Friday, April 29, 2005

Sometimes you sound like a nut.

Al Gore's alternate history:
Having gone through that experience [the 2000 presidential election and subsequent litigation], I can tell you-without any doubt whatsoever-that if the justices who formed the majority in Bush v. Gore had not only all been nominated to the court by a Republican president, but had also been confirmed by only Republican senators in party-line votes, America would not have accepted that court's decision.

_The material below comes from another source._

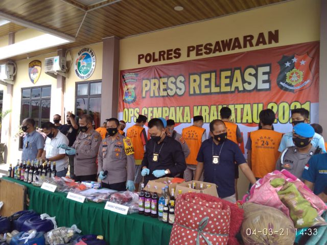 Kapolres Pesawaran AKBP Vero Aria Radmantyo melalui Wakapolres Kompol Yohanis mengungkapkan, OPS Cempaka Krakatau 2021 yang dilaksanakan selama 14 hari, berhasil mengungkap 11 kasus dengan 22 orang tersangka.
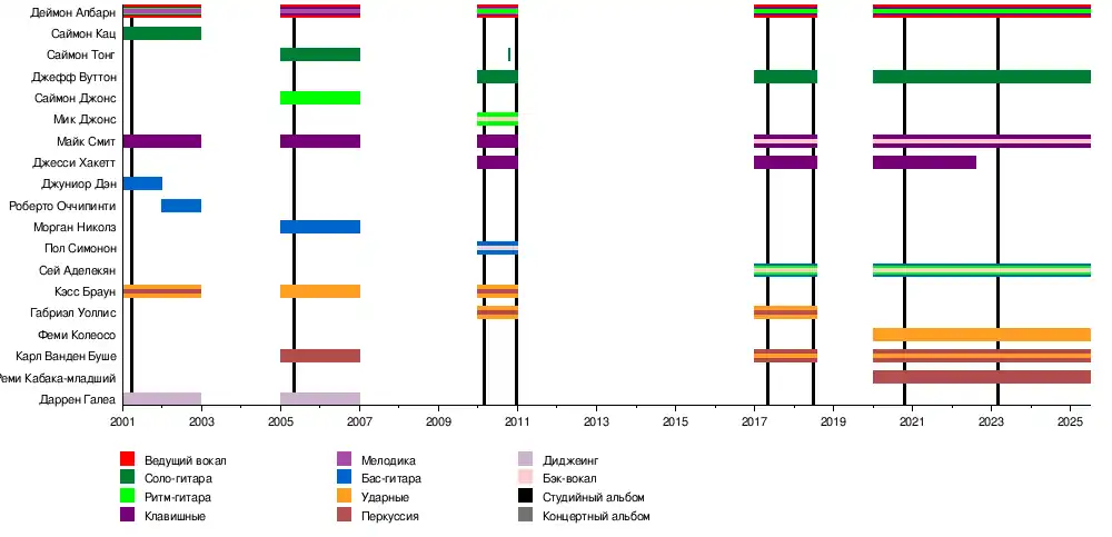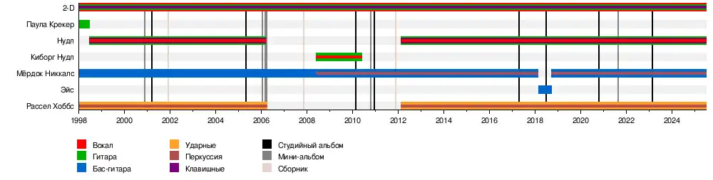 Виртуальный состав: Мёрдок Никкалс 2-D Рассел Хоббс Нудл Реальный состав: Деймон Албарн Джейми Хьюлетт Реми Кабака-младший |

Moreover, if the confirmation of those justices in the majority had been forced through by running roughshod over 200 years of Senate precedents and engineered by a crass partisan decision on a narrow party line vote to break the Senate's rules of procedure-then no speech imaginable could have calmed the passions aroused in our country.
This is the kind of rhetoric that makes people think he's smart because they can't understand what he's saying. It's a tortured logic that equates filibustering to prevent votes on nominees, when those votes are mandated by the Constitution, to disrespect for the law. Having achieved many of their political goals through court decrees, the left is now opposing any restoration of judicial restraint as a radical departure from our sacred American institutions.

To understand why this issue matters, consider the liberal "constitutional agenda." Rights to engage in homosexual sodomy, abortion, etc. are only the beginning:
The bottom line is that Congress would no longer have the discretion to decline to enact liberal policies [because those policies would become positive rights and government prohibitions would be denied]. The triumph of the left would be constitutionally mandated.